Snowflake did an incredible IPO last September with current market capitalization of roughly $100 billion, we list them here even if the company is not a storage player leveraging cloud object storage to deliver its cloud data warehouse approach. We can even list also Sumo Logic (NASD: SUMO) for its IPO as well last September.

Some CEO moves occurred like at Nutanix, Igneous, Infinidat, Panzura or Hitachi Vantara. We clearly hesitate to mention Nutanix as it’s not a storage vendor but more a HCI one and we all know that HCI includes storage, network and host applications being a convergence platform. Rubrik finally just acquired the Igneous’ assets. Panzura CEO left following the acquisition by the financial firm Profile Capital Management.

We must mention new VC rounds with for instance $479 million for Snowflake, $250 million for Cohesity, $125 million for Qumulo, $100 million for VAST Data, $50 million for OwnBackup, $37 million for Firebolt, $34 million for SoftIron, $9 million for Model9 and a mysterious round for Infinidat.

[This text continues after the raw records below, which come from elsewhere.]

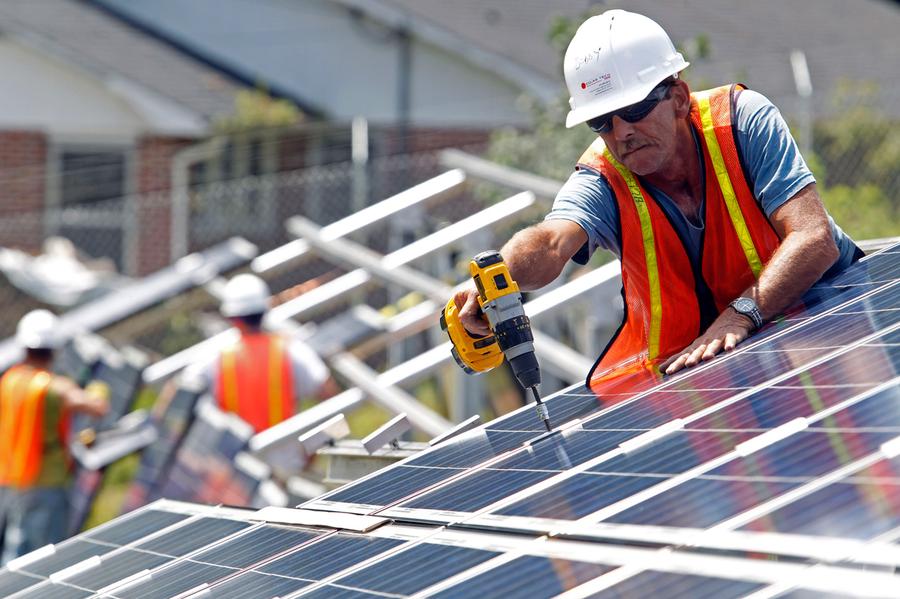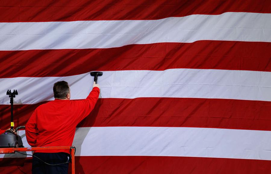 Read moreA workman steams a U.S. flag in preparation for a planned visit by President Barack Obama, on April 6, 2011, at wind turbine manufacture Gamesa Technology Corporation in Fairless Hills, Pennsylvania. #
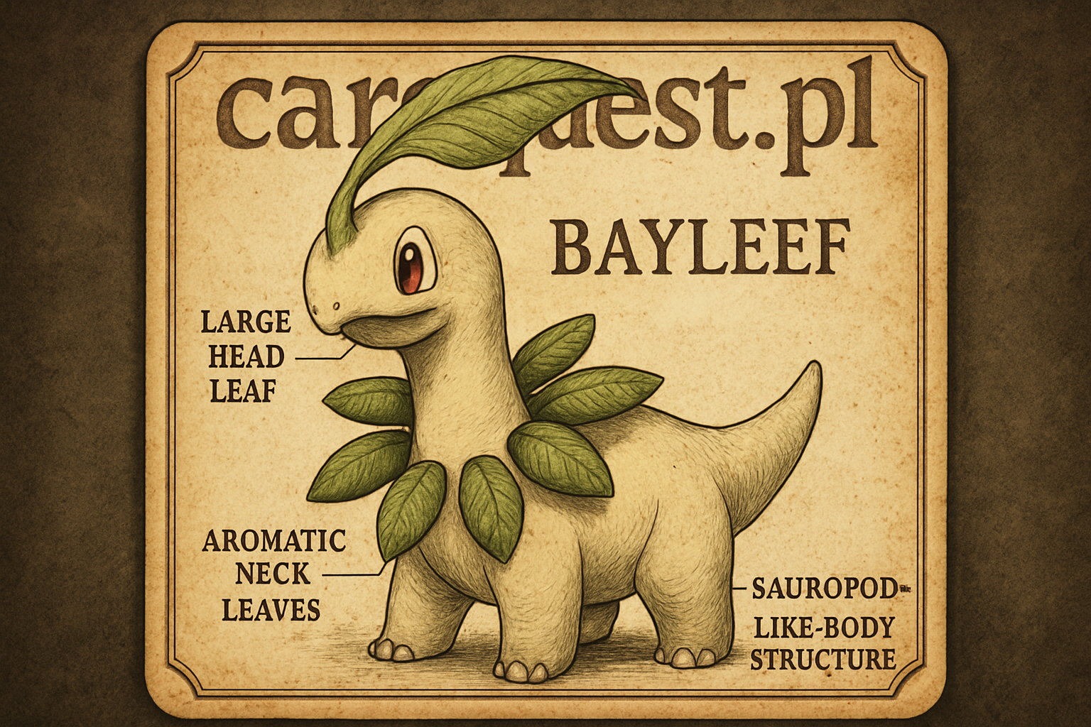 Bayleef to Pokémon typu trawiastego (grass type), wprowadzony w Generacji II, znany jako ewolucja startera z regionu Johto, Chikority. Wielu graczy zastanawia się, czy Bayleef to dobry Pokémon w grach? Ten przypominający sauropoda stwór jest ceniony za swoje zrównoważone statystyki defensywne oraz charakterystyczny wygląd, z dużym liściem (leaf) na głowie i naszyjnikiem z mniejszych, zwiniętych liści. Jego kluczową cechą jest korzenny aroma wydzielany przez leaf, który ma właściwości pobudzające i lecznicze. Poniżej znajduje się szczegółowe omówienie ewolucji, statystyk, ataków oraz roli, jaką Bayleef odegrał w popularnym anime z Ashem.
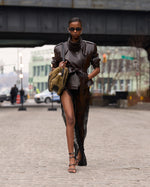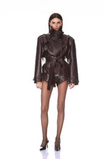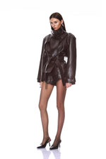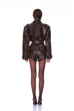 Vegan Croc Embossed Belted Jacket in Dark Brown + Asymmetrical Lace Maxi Skirt
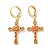 Серьги с подвесками из латуни, позолоченные из настоящей 18k, со стеклом, крестик (02RM1J)
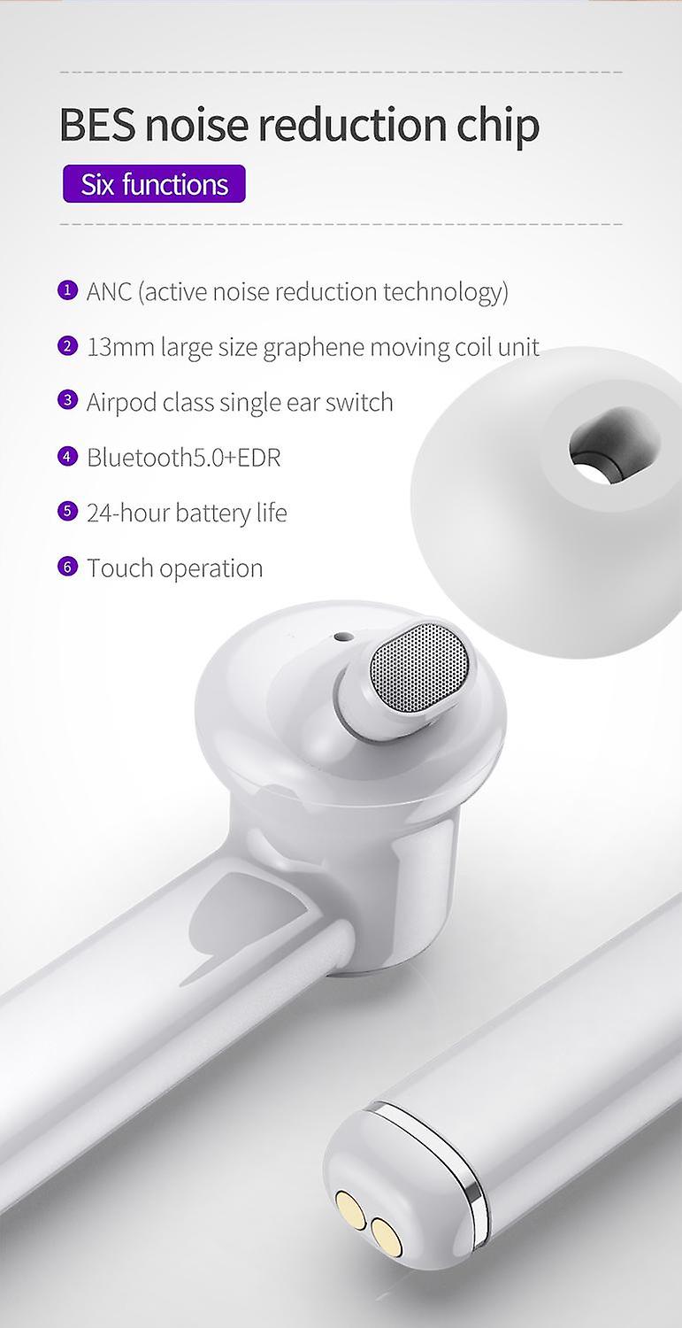 BH816 ANC True Wireless Earbuds BES2300 bluetooth 5.0 Active Noise Canceling Headphone TouchSpecification:[Product Name]: bluetooth Noise Cancelling Headphone[Chip]: BES2300 V5.0[Support Agreement]: HSP/HFP/A2DP/AVRCP[Charging port]: type-c[Noise reduction depth]: 25dB[Transmission range]: 10 meters[Headphone Talk Duration]: 8 hours[Approximate listening time]: 4-5 hours[Earphone battery]: 60mAh[Charging compartment battery capacity]: 500mAh[Charging times of charging compartment]: 3 times[Charging time]: 2h in charging compartment, 1.5 hours in earphone[Standby time]: 400 hours[Waterproof test]: IPX4[Product weight]: net weight 43g[Packing box weight]: 65g[Packing box size]: 9.5*9.5*6.5cm[Product color]: black, white[Support function]: Support automatic switch, support binaural call, support switch function, support Android and iphone/ipad/ipod battery display, support touch switch
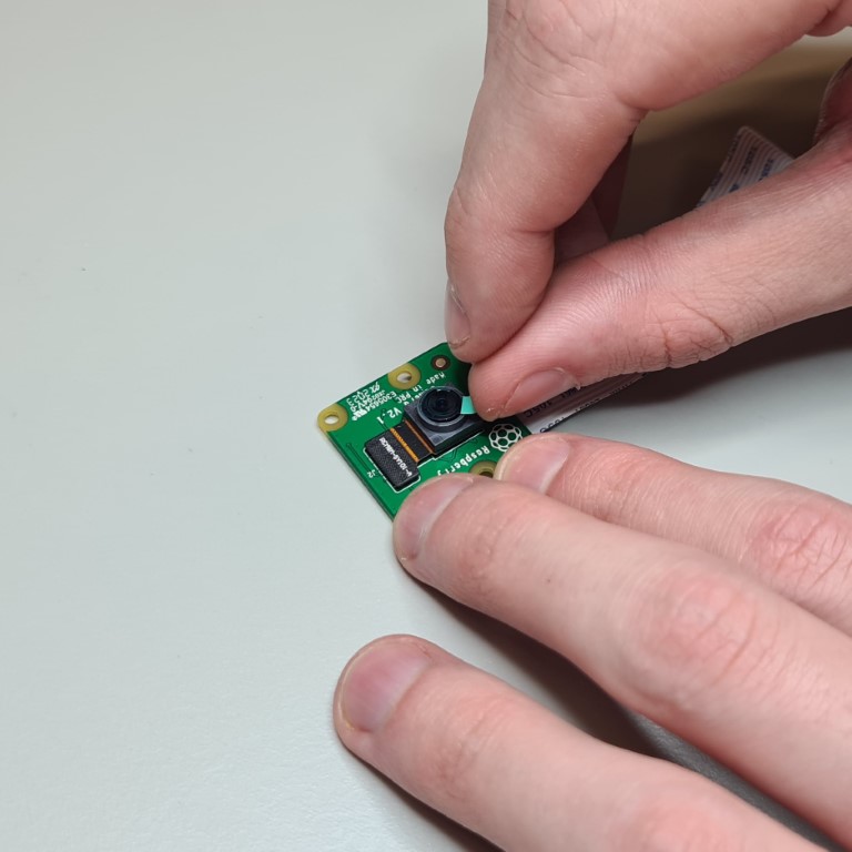 Remove the plastic film from the lens of the Raspberry Pi camera v2.

Some considerations happened as well triggered or accelerated for some of them by the Covid-19. Normal companies became fragile and fragile ones became on the edge and even got bankrupt. Some companies who exist for more than 10 years, not yet profitable, continue to raise money to survive, and some VCs seem to believe – again – in miracles. This situation generated some opportunities as some companies represent now real bargains, and some potential acquirers love that… We determined around 20 M&As this year for a total value of $100 billion as we include large ones sometimes considered at the edge. But these movements illustrate the business climate and exit opportunities.

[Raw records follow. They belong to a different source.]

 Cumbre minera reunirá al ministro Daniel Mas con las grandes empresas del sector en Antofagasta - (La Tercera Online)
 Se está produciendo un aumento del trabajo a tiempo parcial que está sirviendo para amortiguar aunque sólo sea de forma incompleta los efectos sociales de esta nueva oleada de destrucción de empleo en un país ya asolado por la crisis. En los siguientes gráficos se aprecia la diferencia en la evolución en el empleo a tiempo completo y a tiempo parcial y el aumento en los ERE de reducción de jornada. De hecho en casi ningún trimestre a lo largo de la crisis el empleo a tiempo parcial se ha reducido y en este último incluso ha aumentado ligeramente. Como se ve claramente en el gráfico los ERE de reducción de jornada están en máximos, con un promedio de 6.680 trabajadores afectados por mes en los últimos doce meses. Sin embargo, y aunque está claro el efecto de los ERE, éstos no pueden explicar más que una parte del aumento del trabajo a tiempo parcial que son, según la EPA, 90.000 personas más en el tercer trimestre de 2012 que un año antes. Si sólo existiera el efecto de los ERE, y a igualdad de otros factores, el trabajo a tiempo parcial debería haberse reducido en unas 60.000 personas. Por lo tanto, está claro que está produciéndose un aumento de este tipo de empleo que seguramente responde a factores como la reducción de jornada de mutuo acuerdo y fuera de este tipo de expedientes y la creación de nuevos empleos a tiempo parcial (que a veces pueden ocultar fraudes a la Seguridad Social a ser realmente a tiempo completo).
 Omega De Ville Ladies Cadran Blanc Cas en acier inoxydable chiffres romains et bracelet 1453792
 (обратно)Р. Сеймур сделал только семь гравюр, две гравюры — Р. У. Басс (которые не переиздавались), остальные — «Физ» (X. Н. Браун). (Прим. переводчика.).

By transaction value descending order when we know it, then no specific order:

  • Nvidia acquired ARM for $40 billion, completed Mellanox acquisition launched in 2019 and swallowed SwiftStack,
  • AMD acquired Xilinx for $35 billion,
  • Marvell got Inphi for $10 billion,
  • SK Hynix bought Intel memory business for $9 billion,
  • Insight Partners acquired its portfolio company Veeam for $5 billion, and Veeam itself acquired Kasten for $150 million, an other Insight portfolio company,
  • Pure Storage acquired Portworx for $370 million,
  • VMware acquired Datrium,
  • Quantum acquired the ActiveScale product line form Western Digital and more recently Square Box Systems for its CatDV software,
  • Rubrik acquired Igneous assets,
  • Google acquired Actifio,
  • Profile Capital Management acquired Panzura,
  • StorCentric acquired Violin Systems,
  • Zix acquired CloudAlly,
  • SUSE acquired Rancher Labs,
  • NetApp acquired Spot, Talon Storage and CloudJumper,
  • OVHcloud acquired OpenIO and Exten Technologies

Also some other projects confirmed their interest like DNA storage with players like Twist Bioscience or Catalog. And more recently a DNA Alliance was founded by Microsoft, Western Digital, Illumina and Twist Bioscience plus normal members like Ansa Biotechnologies, Catalog, The Claude Nobs Foundation (Montreux Jazz Digital Project), DNA Script, EPFL (École Polytechnique Fédérale de Lausanne), Cultural Heritage & Innovation Center (Montreux Jazz Digital Project), ETH Zurich, The Swiss Federal Institute of Technology in Zurich (Switzerland), imec, Iridia, Molecular Assemblies and Molecular Information Systems Lab at the University of Washington. DNA storage seems to be hot, since January 1, 2020, the Twist Bioscience Nasdaq ticket has been multiplied by 7 in other words +600%.

In the following quarters, we’ll scrutinize some companies in their respective domain of excellence: Atempo, AWS, Backblaze, Catalog, Cohesity, Cloudian, CTera Networks, DDN, Dell, Fungible, Google Cloud, Hitachi Vantara, HYCU, IBM including Red Hat, Infinidat, Intel, Lightbits Labs, Micron, Microsoft Azure, MinIO, Nasuni, Nebulon, NetApp, Nvidia, Pavilion Data Systems, Pure Storage with Portworx, Quantum, Qumulo, Robin.IO, RStor, Rubrik, SoftIron, Spectra Logic, StorCentric, StorONE, StorPool, VAST Data, Veeam, VMware, Wasabi and WekaIO.